Reporters at the paper described a gloomy newsroom following the announcement. At 5 p.m., about 250 staff walked out of the paper's building to show solidarity with Harris and his reluctance to bow to the bottom line.
"Hopefully, this will spark a nationwide debate over this issue of having to please Wall Street," said Luther Jackson, executive officer of the San Jose Newspaper Guild, a union representing 700 Mercury News employees.
Staff went back to their deadline work after about 10 minutes outside.
Despite the paper's recent troubles, newspaper industry analysts said Harris' resignation was unexpected.

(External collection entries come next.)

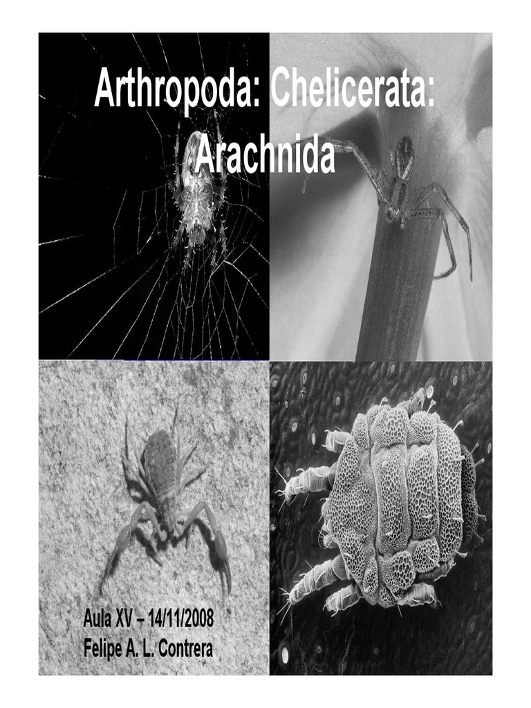 70.000 espécies descritas; 1 milhão estimadas; Incluem: aranhas, escorpiões, ácaros, carrapatos e outros menos familiares; 11 grandes grupos, 80% são aranhas e ácaros; Quase todos carnívoros terrestres;
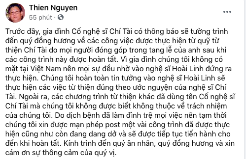 “Trước đây, gia đình cố nghệ sĩ Chí Tài có thông báo sẽ tường trình đến quý đồng hương về các công việc được thực hiện từ quỹ từ thiện Chí Tài do mọi người đóng góp trong tang lễ của anh sau khi các công trình này được hoàn tất.
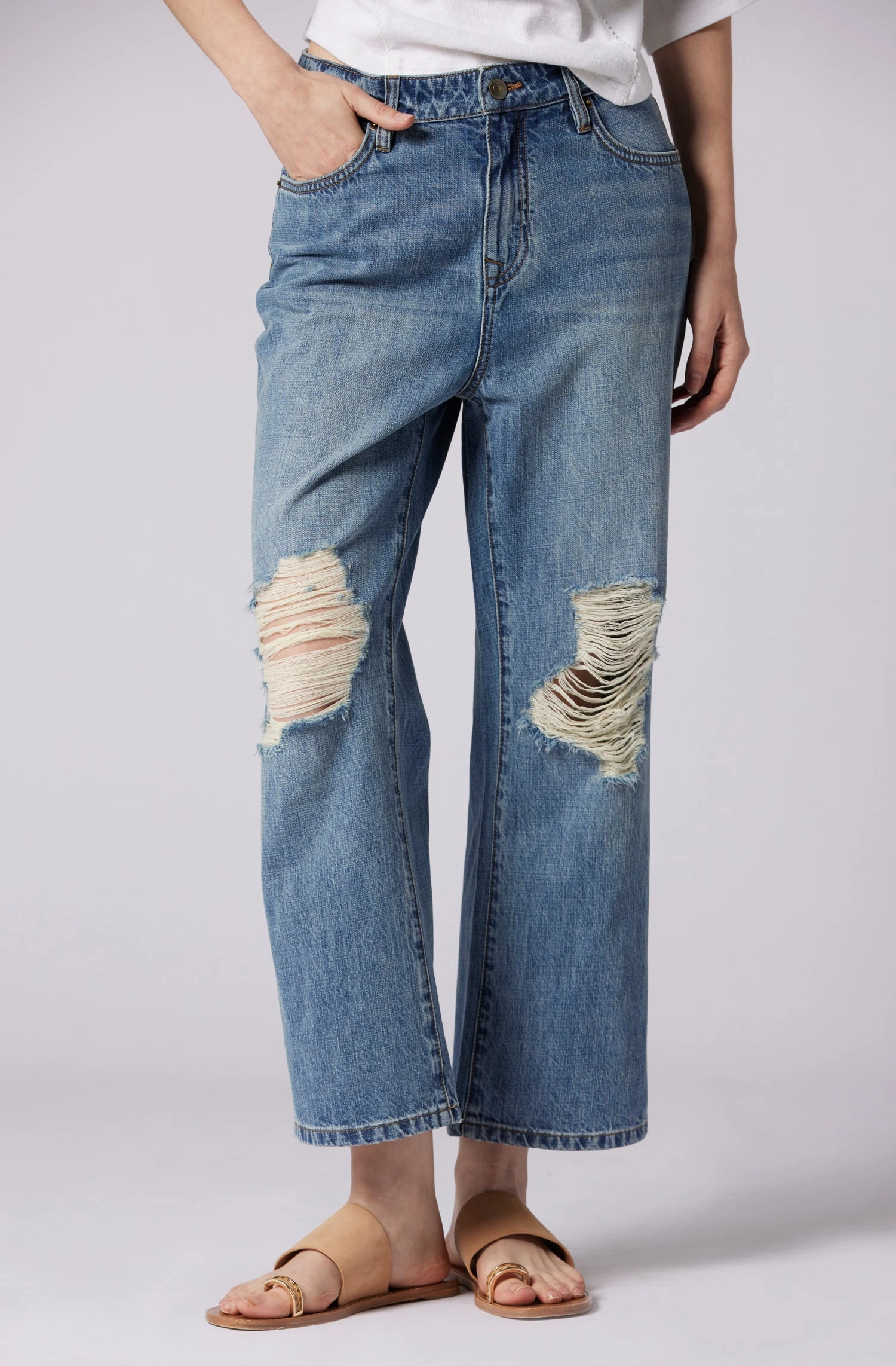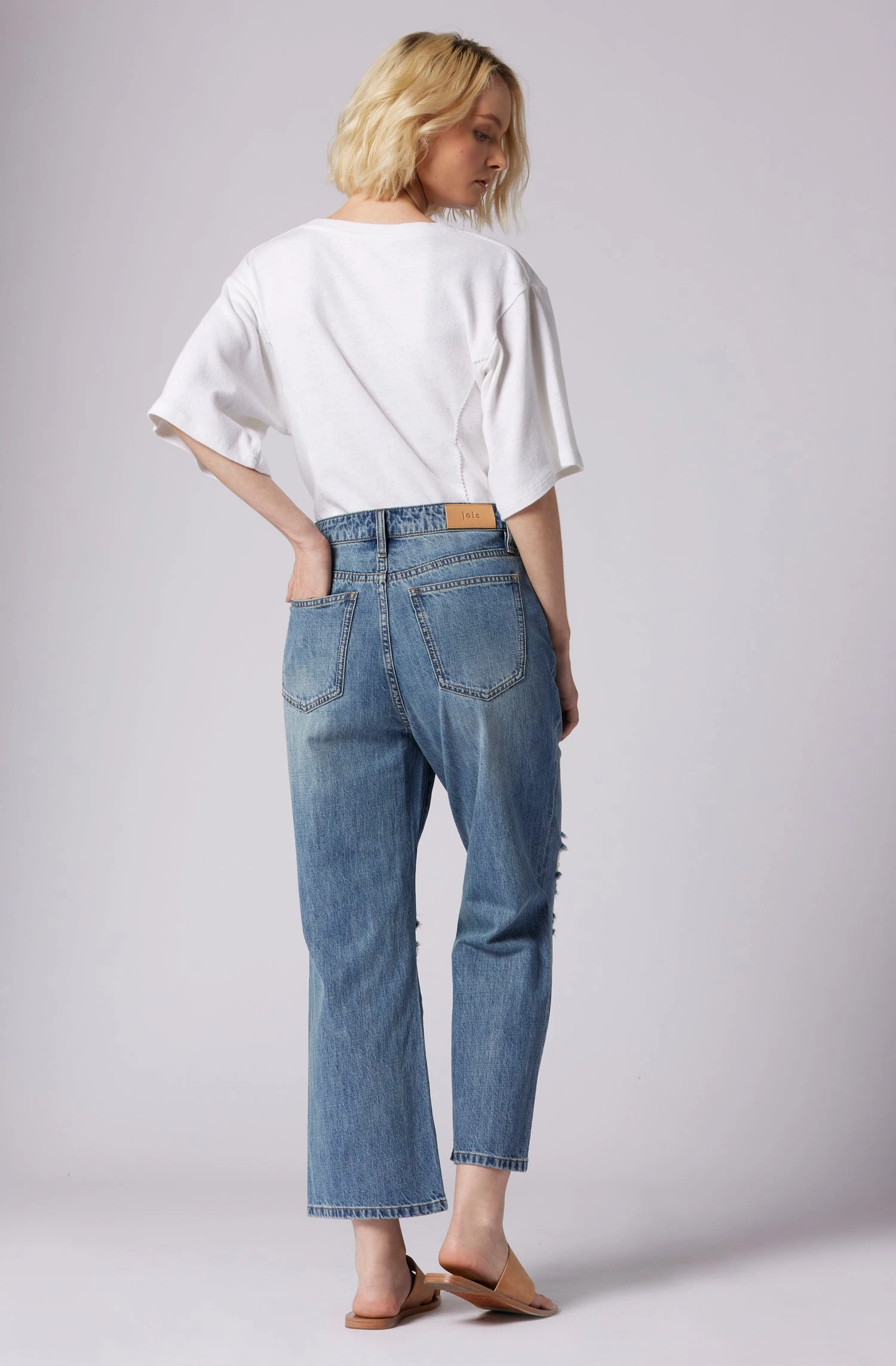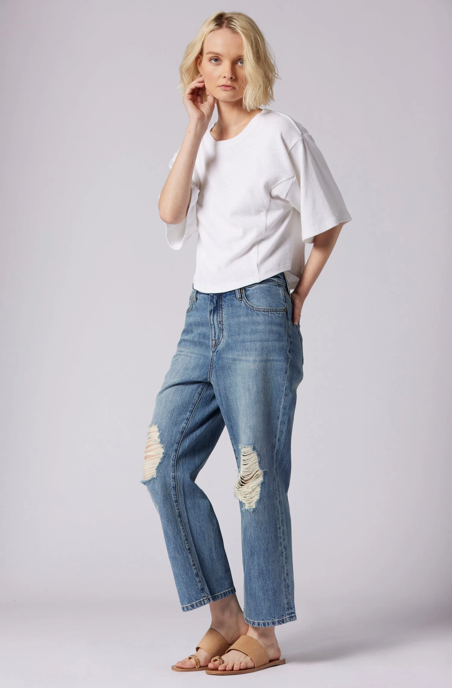 The Evie is the easiest denim to wear this summer. Distressed details, cropped leg, and a relaxed fit; pair this denim design with your favorite tee and look stylish instantly.
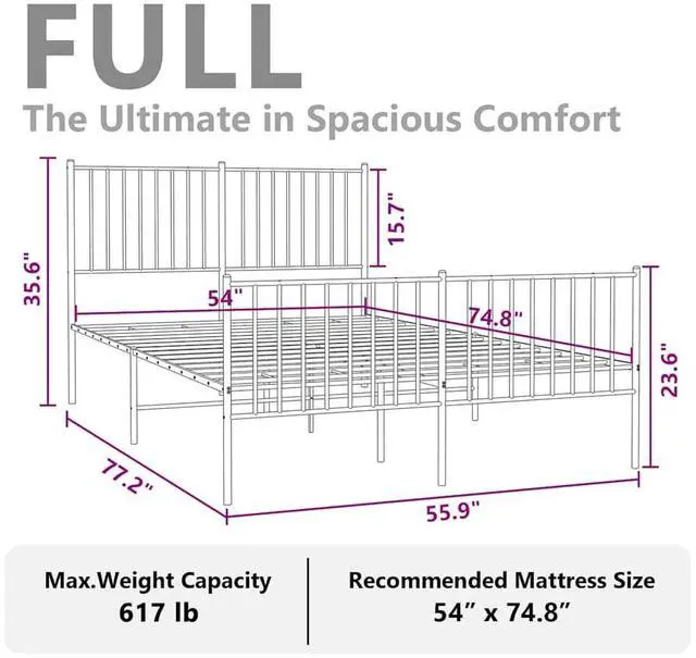 Suitable mattress size: 53.9" x 74.8" (W x L) Full (mattress is not included)

"He's always been one of the company's most highly regarded executives and has successfully run one of the company's biggest profit centers," said John Morton, a newspaper analyst from Silver Springs, Md. "I'm very surprised."
Harris, former executive editor of the Philadelphia Daily News, has spent nearly 30 years in journalism. He was a national correspondent and columnist for Gannett News Service in Washington D.C., and a member of the faculty of the Medill School of Journalism at Northwestern University.
He has been noted for efforts to bring increased racial diversity to American newsrooms. In the last five years he also launched weekly Spanish- and Vietnamese-language newspapers tied to the Mercury News.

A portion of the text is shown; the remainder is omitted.